Data-protection laws, such as the GDPR or the California Consumer Privacy Act, invariably require the identifiability of data to be analysed on a case-by-case basis, in part because the technological tools enabling identification are constantly changing. Even though it is difficult to lay out hard and fast rules in advance, a code could provide some guidance on how to evaluate when it is reasonable to deposit genomic (and health data more broadly) in open-access repositories. This might involve considering, say, whether a set of genomic variants is somatic or present in the germline and so inherited. (Researchers have shown that it is possible to identify an individual using only a few germline variants10; no one has yet been able to identify someone on the basis of somatic tumour variants.)

Broad consent. The GDPR explicitly recognizes an exception to ‘specific consent’, meaning the consent people give for their data to be used in a specific research project. This is to allow participants’ data to be used for certain areas of scientific research, in keeping with recognized ethical standards11. Guidance is needed on what researchers must do to meet the requirements for broad consent. Furthermore, how should they keep patients and volunteers informed about how their data are ultimately used?

Return of individual findings, portability and access. How to safeguard participants’ right to move their data around – by giving them their data in a machine-readable format, rather than as a printed PDF, for example — should be clarified. The code could also lay out what steps are necessary for responsible communication of health data to a patient or volunteer12,13. Should people who are being informed about the identification of genomic variants of malignant or unknown significance be offered genetic counselling, for instance?

Withdrawal. Researchers need guidance on how they can meet participants’ right to withdraw from research. The GDPR requires that those entrusted with people’s data keep records of third parties to whom they have disclosed those data. And when consent is revoked, they must notify the third parties. Yet all sorts of questions remain, such as whether analyses on aggregate data should be revised with the participants’ data removed, and so on.

Compelled disclosure. A code of conduct could provide researchers with guidance on how to deal with government requests for personal data, including what legal protections they can appeal to. In the United States, for example, the National Institutes of Health’s Certificates of Confidentiality are designed to shield researchers from such requests14.

Next steps

The achievements of PCAWG in relation to the sharing and handling of genomic data augur well for the development of an international code that researchers everywhere can refer to.

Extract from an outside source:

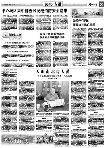 當(dāng)記者在北京見到張柱堂時(shí),他的容貌和記者的想象差別不大。從外表看,他就是位普通而慈祥的老人,見了誰(shuí)都笑呵呵的,即便在新疆生活了50年,張口還是地道流利的家鄉(xiāng)話。見到家鄉(xiāng)人,張柱堂激動(dòng)的心情溢于言表,他拿出自己做的《周口日?qǐng)?bào)》剪貼本讓我們翻閱,談起家鄉(xiāng)近年來(lái)取得的可喜變化,他都能一件一件清晰準(zhǔn)確地道來(lái)。此刻我方知,在老人平靜的外表下,蘊(yùn)藏著的是怎樣熾熱的家鄉(xiāng)情。
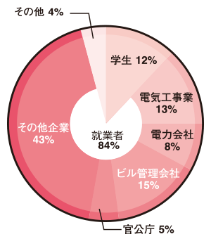 就業者が多く、電力業界以外の方も多く受験されています。

Genomic research consortia, public and private funding bodies, and those working on existing regional codes (such as the one in Europe) might begin the process of building it. A first step would be to convene a meeting to determine the topics the code would touch on, the best way to consult research participants about their needs and a decision-making process that will allow the text to be finalized in a timely way.

If genomics researchers are instead left in the dark about how to properly address data protection and sharing, they could either be excessively cautious and fail to share as consents allow, or fail to provide participants with appropriate protection15. In other words, further regulatory uncertainty risks stalling new genomic analyses and undermining people’s faith in scientific collaboration for the public good.